Pristina, Yugoslavia - Diplomats said Saturday they would recommend that the United Nations Security Council renew a resolution governing Kosovo when plans for the province's future come under review in June.


Anwarul Chowdhury of Bangladesh, the head of a mission of eight diplomats who wrapped up a visit to Kosovo on Saturday, said the UN mission was doing "good work." "It needs our backing in the Security Council," he said. "No useful purpose will be served by adapting or changing" the resolution governing Kosovo.

Chowdhury's remarks came on the same day that French peacekeepers clashed with rioting Serbs in the ethnically divided city of Kosovska Mitrovica.

The Security Council resolution governing Kosovo was adopted last year after NATO launched a 78-day air attack to halt Yugoslav President Slobodan Milosevic's oppression of ethnic Albanians.

The resolution established a peacekeeping operation but said only that the goal was to establish "substantial autonomy and self-government" pending "a final settlement" of the province's status.

For ethnic Albanians, who make up more than 90 percent of Kosovo's people, the only acceptable "final status" is independence. Serbs still see their future as part of Yugoslavia. The top UN representative in Kosovo, Bernard Kouchner, has asked the Security Council to set clear goals.

In another reminder of the fragile nature of peace in Kosovo, French peacekeepers clashed with hundreds of Serbs on Saturday in a suburb of Kosovska Mitrovica, touching off a melee that destroyed a UN police car and damaged 17 other UN vehicles.

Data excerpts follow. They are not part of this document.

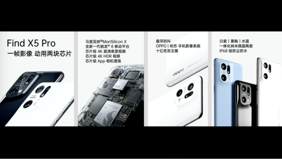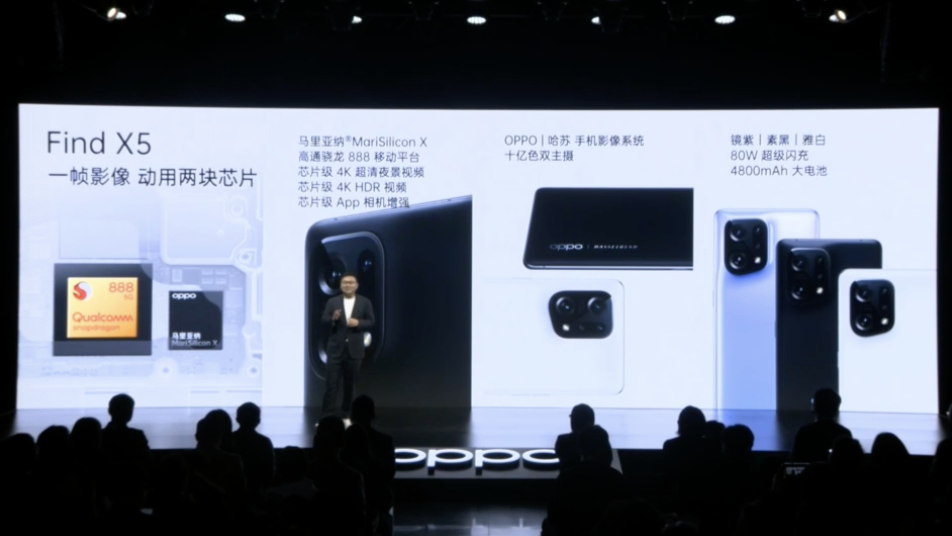 在 OPPO Find X5 機種上,雙鏡頭採用感光元件 IMX766,並同樣搭載 MariSilicon X 處理器,為靜態和動態拍攝帶來精彩細緻的影像紀錄。配備 6.5 吋 120Hz 億級色彩螢幕、支援 80W SUPERVOOC 超級閃充、30W AIRVOOC 無線閃充等強勢規格。
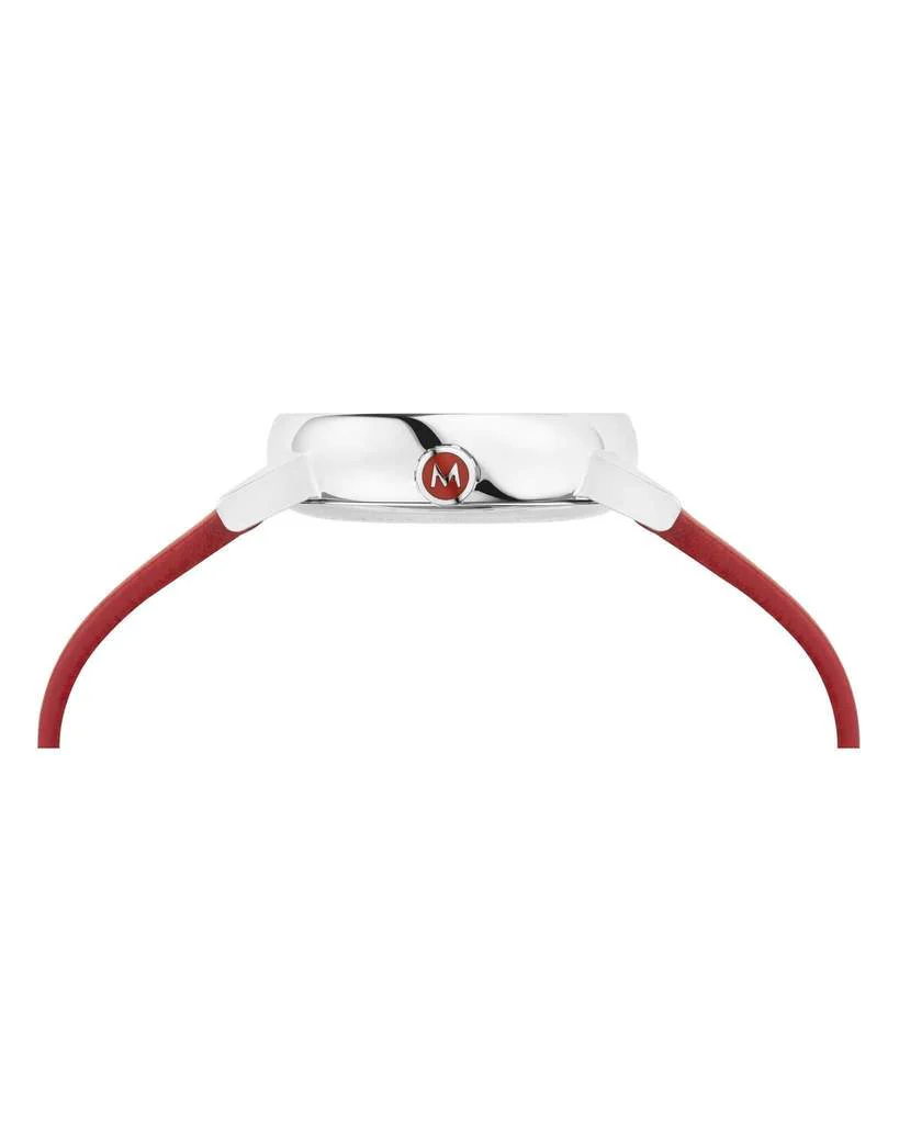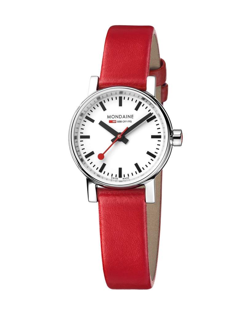 With its harmoniously designed polished stainless steel case and 26mm diameter, this Mondaine evo2 is a watch for small delicate wrists and is very comfortable to wear. The sapphire crystal protects the iconic dial with the prominent red second hand. Thanks to its minimalistic design the watch is highly readable. The ergonomic red crown and the red leather strap highlight Mondaine’s expertise.
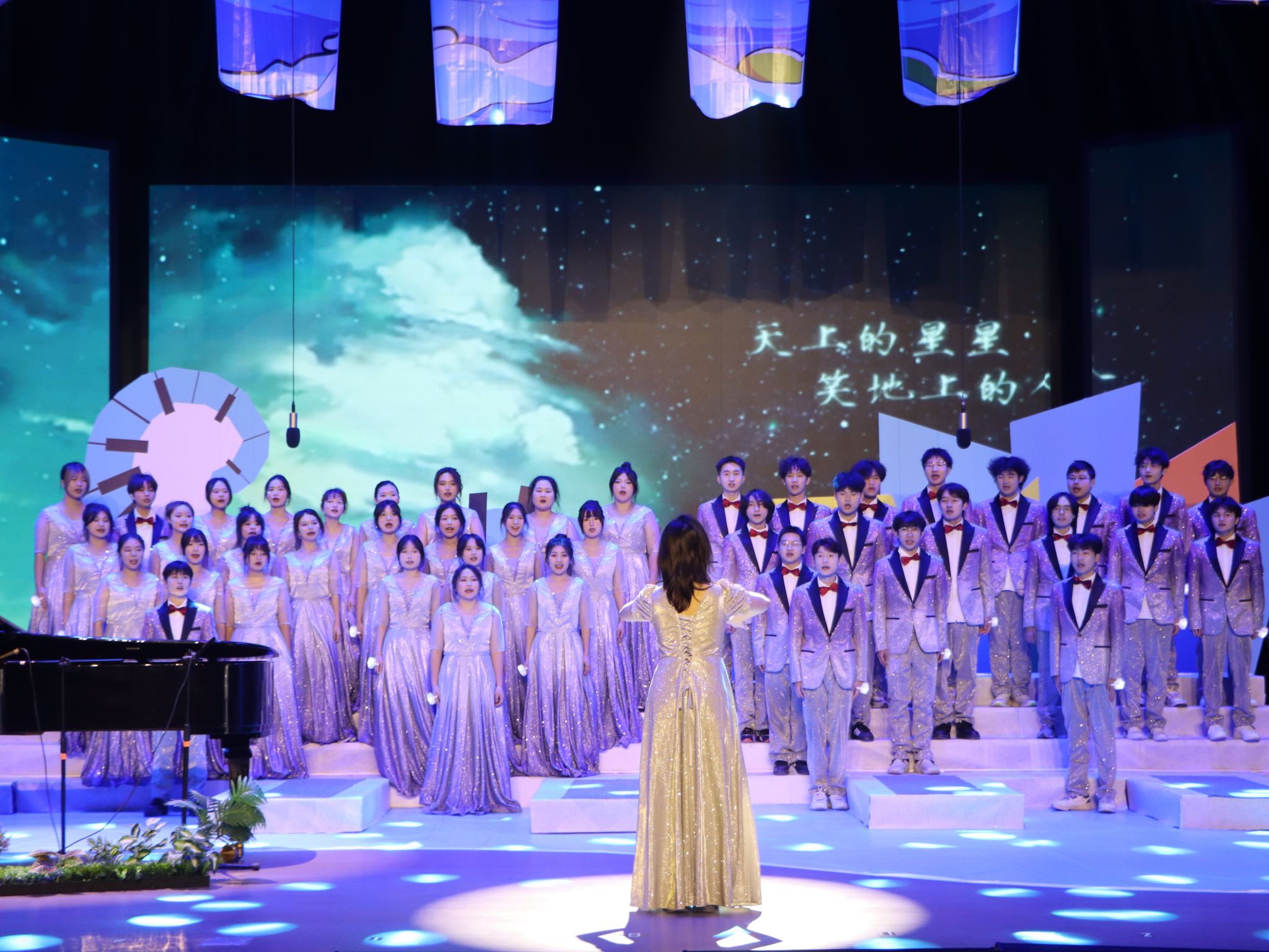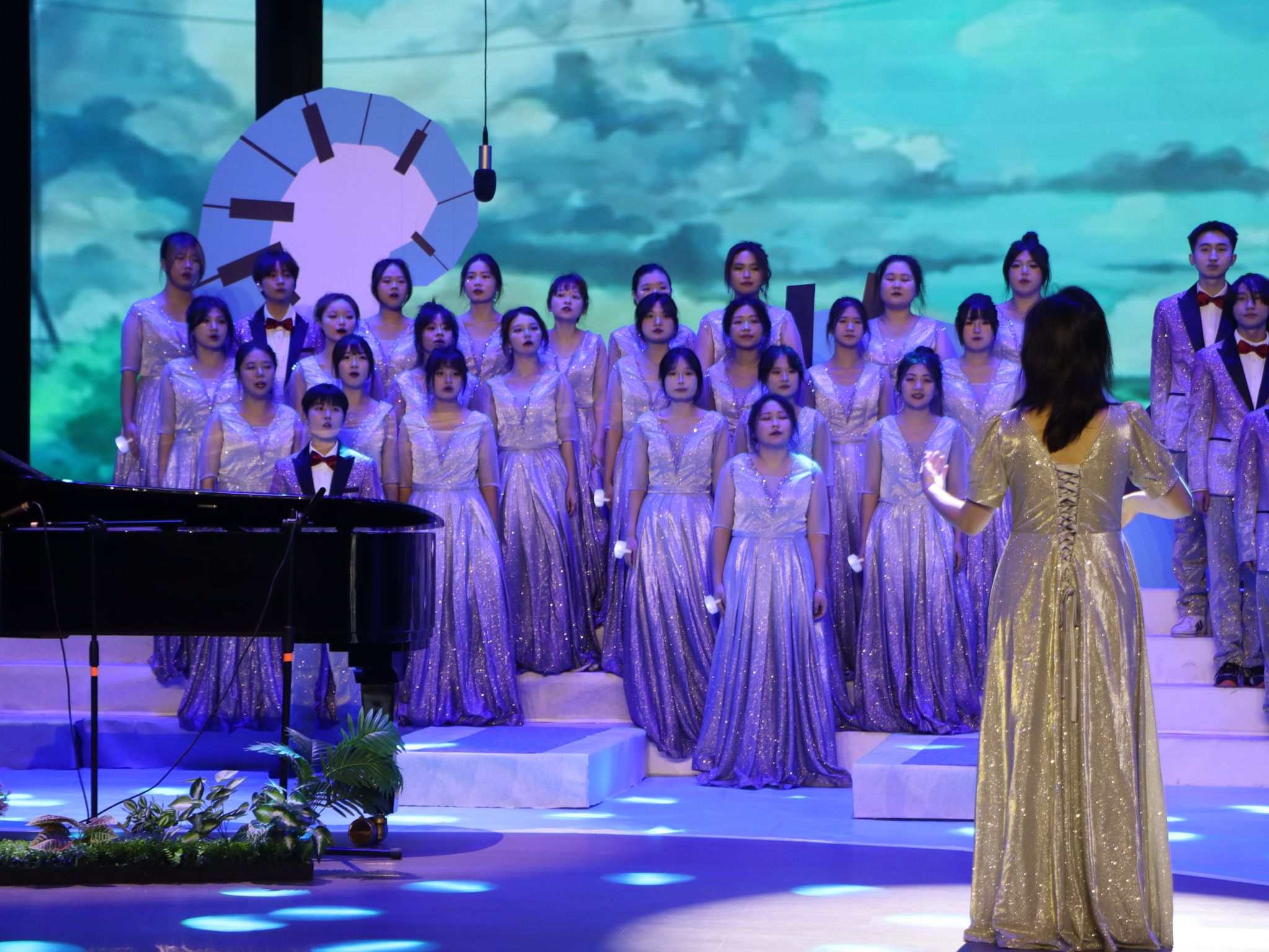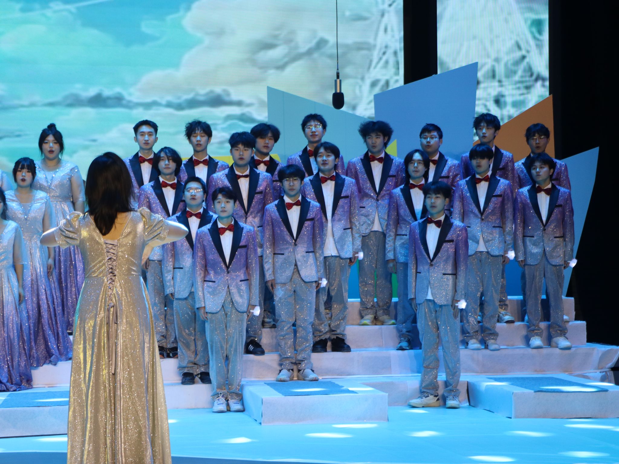 舞台上,灯光缓缓亮起,选手服装随音乐的节奏摆动,动人旋律与复杂和声展现出合唱独特魅力。每一个和声背后都彰显着团队默契。
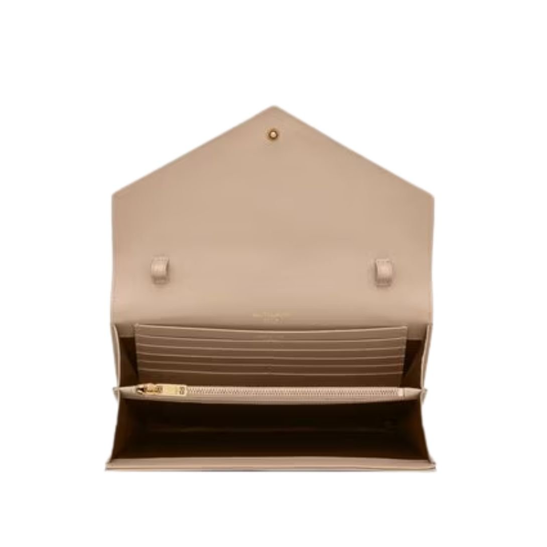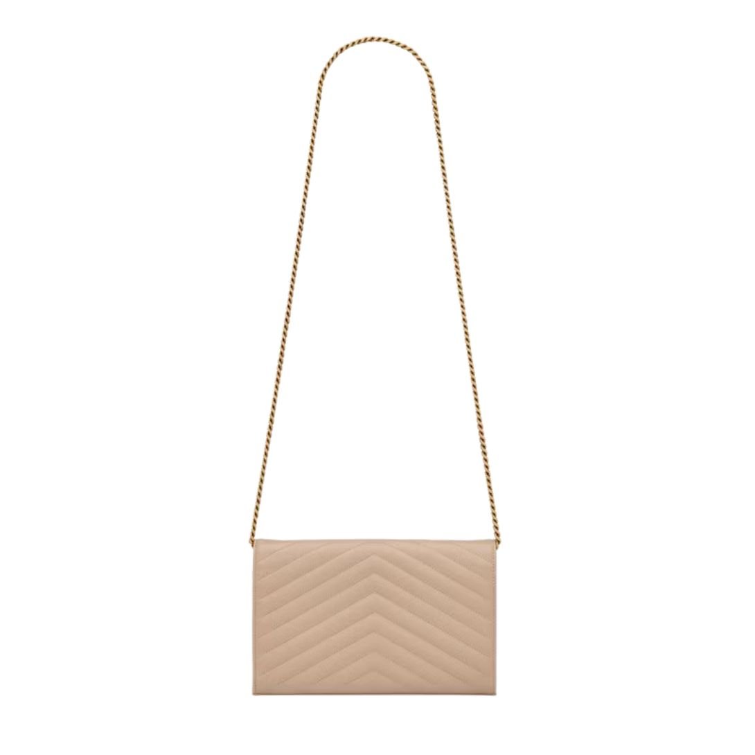 SAINT LAURENT CLASSIC CASSANDRE CHAIN WALLET IN GRAIN DE POUDRE LEATHER DARK BEIGE
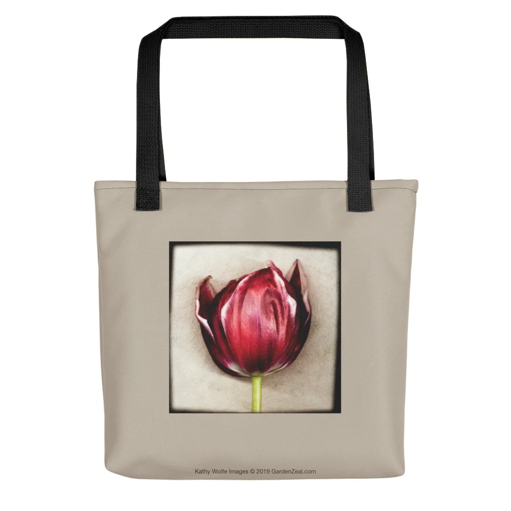 This Latte Colored Medium Tote Bag features a Red Tulip from Kathy Wolfe Images. An award-winning, Atlanta artist, Kathy has partnered with GardenZeal to share some of her unique images on home decor, accessories, apparel and gift items.
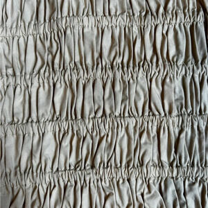 JCrew smocked tank. Nude/Tan/Beige color. Small. Straps have buttons so they are slightly adjustable and can be worn straight or crisscrossed. There is a silicone piece around the top to help hold it up.
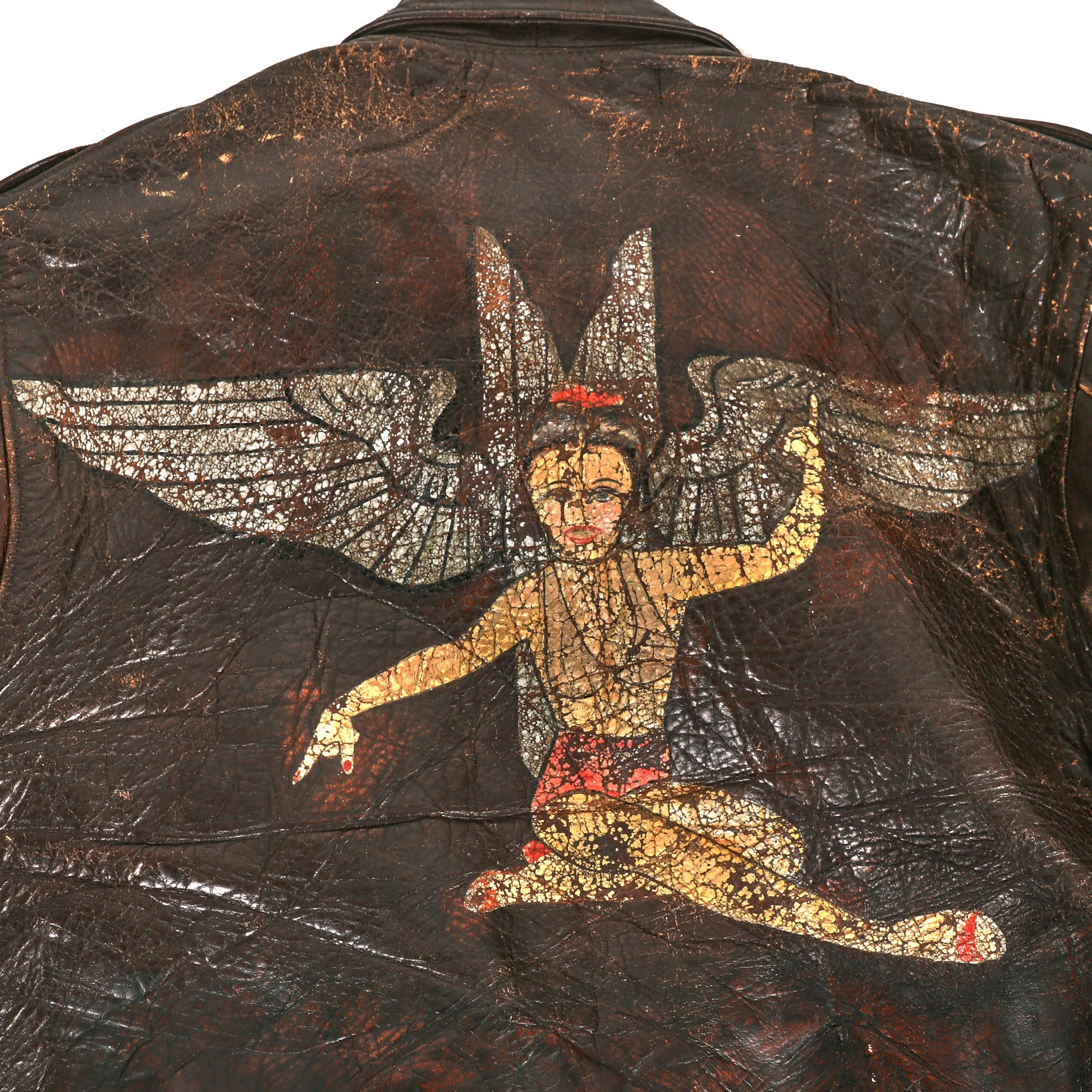 Original Item. One-of-a-Kind. Joaquin Alberto Vargas y Chávez was a Peruvian-American painter of pin-up girls. He is often considered one of the most famous of the pin-up artists, and as one of the pioneers of airbrush art. Numerous Vargas paintings have sold and continue to sell for tens of thousands around the world. During World War II, American pilots & crew were known to paint their A-2 Flight jackets with pin-up girls, some of which were used for their B-17/B-24 bomber’s nose art. This is a gorgeous example of an A-2 Jacket used by an Aerial Gunner serving in the 8th Air Force.
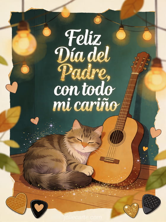 Envíen una imagen tierna del Día del Padre con una ilustración acogedora de cuento: un gato noruego acurrucado junto a una guitarra acústica bajo luces cálidas, pequeños corazones y formas de hojas. Vean también un poema del Día del Padre, poesía feliz Día del Padre papá bondad y ternura o dibujo feliz día del padre papá.
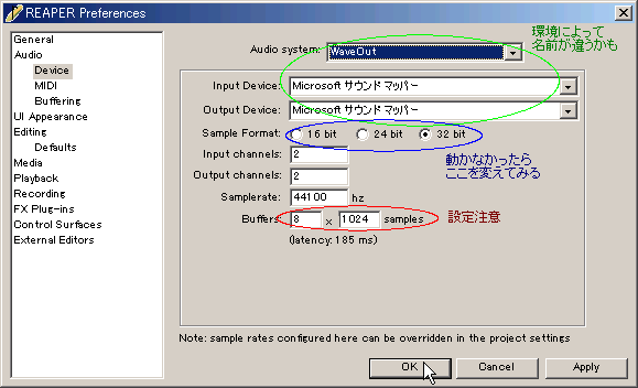 DirectSoundでも問題がある場合はWaveOut(MME)を使う。もしかしたら環境によって名前が違うかもしれない(よく覚えていない)。

The riot began after peacekeepers brought about 80 ethnic Albanians to the predominantly Serb, northern part of the town to visit the homes they had fled last year. A standoff developed between the two groups, after the Serbs claimed that some of the Albanians were not former residents. "We sent some soldiers to keep the situation quiet," said Lt. Mathieu Mabin, a spokesman for French forces.